Unfortunately, I'm on a budget. The only reason I was able to afford a 53 dollar kit is that I got 50 bucks as a gift. OTOH, I've also been told that if you use CA and sock the accelerator to it, they'll hold.

I've completed the kit (with obligatory blood sacrifice to the Modelling Gods when I was hollowing out the square ventilation intake - I assume that's what it is as there are no parts names). The biggest problem, aside from gluing the tracks, was figuring out just where the tiny rods/tubes on the aft end go. The covers for the radiators on the aft sides were not shown on the cover painting, so I had to estimate their exact location. All told, it looks good. I'll post some pix as soon as I can get them uploaded to my site, as I'm out of attachment space here.


----------



## djnick66 (May 2, 2008)

$53 ?!?! The kit should be nowhere near that amount. Squadron sells it for $23.


----------



## Owen E Oulton (Jan 6, 2012)

Well, that's the price up here in the Great White North.


----------



## Owen E Oulton (Jan 6, 2012)

Well, I tried the Gorilla Glue CA on the tracks last night at our IPMS build night, and found that it glued the tracks on very well. I used accelerator to shorten the setting time of the GG.


----------



## Sgthawker (Apr 20, 2012)

Looking forward to the pics. Glad it worked.


----------



## hal9001 (May 28, 2008)

djnick66 said:


> Emhar tracks are really poor. I would replace them with Model Cellar's plastic links....

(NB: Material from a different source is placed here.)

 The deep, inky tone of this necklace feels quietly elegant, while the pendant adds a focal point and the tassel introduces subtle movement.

Not now you won't, I just recently bought *Model Cellar's* last two pair. I asked him if he had a target date to restock them and he said no and didn't act as though he was going to. I hope he does one day because I really need another set.

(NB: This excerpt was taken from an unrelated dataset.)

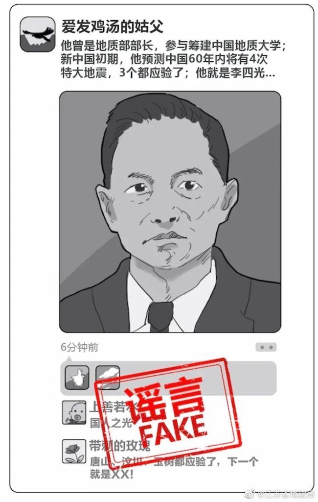 去年11月以来,江苏境内多次地震,12月29日、30日又分别在黄海海域和淮安发生地震。12月31日晚22时52分,@江苏省地震局 为此特意将一个流传很广的谣言挂起在微博上郑重辟谣。

Look forward to seeing picks of this because I've just in the last couple of years gotten interested in WWI tanks. I've yet to build an Emhar and from the looks of it they are gonna take some time to make look decent.

HAL9001-


----------



## Owen E Oulton (Jan 6, 2012)

I attached the tracks with Gorilla Glue CA, and it did the trick. It's now my "go to" CA glue! Pics are up in the Dioramas forum, under the Great War Diorama thread. Enjoy!


----------



## surfsup (Apr 19, 2009)

This should be a fun one to watch.....Cheers mark


----------



## djnick66 (May 2, 2008)

Gorilla CA is really good stuff. I find it to be a little slow curing, but it will work with accellerator sprays too.


----------



## Owen E Oulton (Jan 6, 2012)

I find that the viscosity is perfect, and I tend to use either a #0 paintbrush or a microbrush to place a small drop of accelerator next to the CA and allow it to flow over to the CA. That way I can control where the accelerator goes but not ruin the brush...


----------



## Whiteraven_2001 (Apr 12, 2008)

hal9001 said:


> I asked him if he had a target date to restock them and he said no and didn't act as though he was going to.


I guess he's not counting on the WWI centennial increasing interest?


----------